A proof for this result is based on contradiction; hence, it suffices to prove the following second result:

Result 2. If (C_n)_n is a sequence of closed subsets in O (not necessarily close in X) such that \text{int}(C_n)= \emptyset for all n, then

\displaystyle \text{int}\Big(\bigcup_{n \geqslant 1} C_n \Big)= \emptyset.

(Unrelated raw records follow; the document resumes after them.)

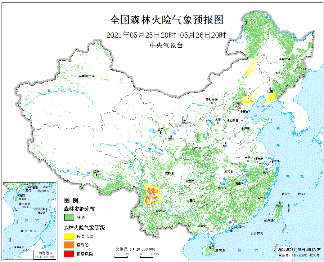据中央气象台5月25日下午预报,今天晚上到明天白天,四川西南部、云南西北部的局部地区森林火险气象等级为高度危险(四级)。
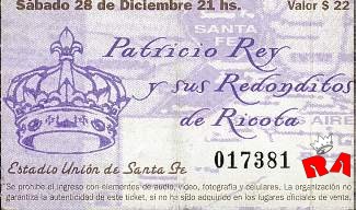 Entrada de la Misa del 26 de diciembre de 1996 en el Estadio de Union de Santa Fe firmado por el Indio.
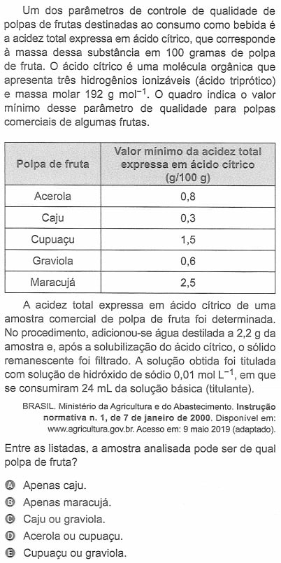 Confira abaixo uma questão do Enem 2019:
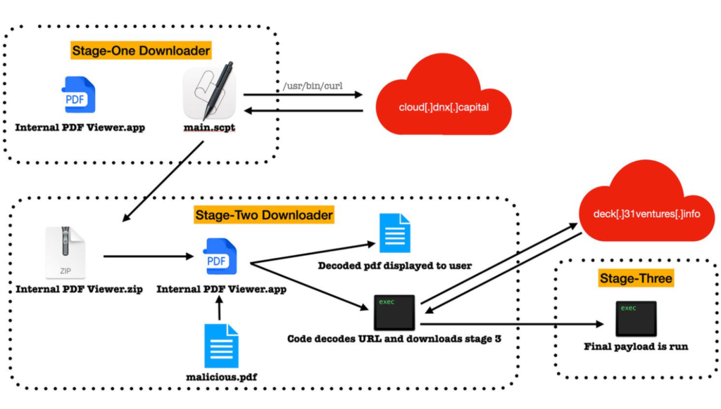 Jamf detected a nine-page PDF document that claims to provide an “investment strategy.” Once opened, it connects to a C2 server to fetch and execute a third-stage trojan.

A proof for this result is basically simple which is mainly based on the third result below. For the sake of clarity, we divide the proof into several steps:

Step 2.1. We first denote O_n = O \backslash C_n which is open in O. Observe that the set O_n is dense in O. Indeed,

\displaystyle \overline{O_n} = \overline{O \backslash C_n}=O \backslash \text{int}(C_n) = O

since the interior is equal to the closure of the complement.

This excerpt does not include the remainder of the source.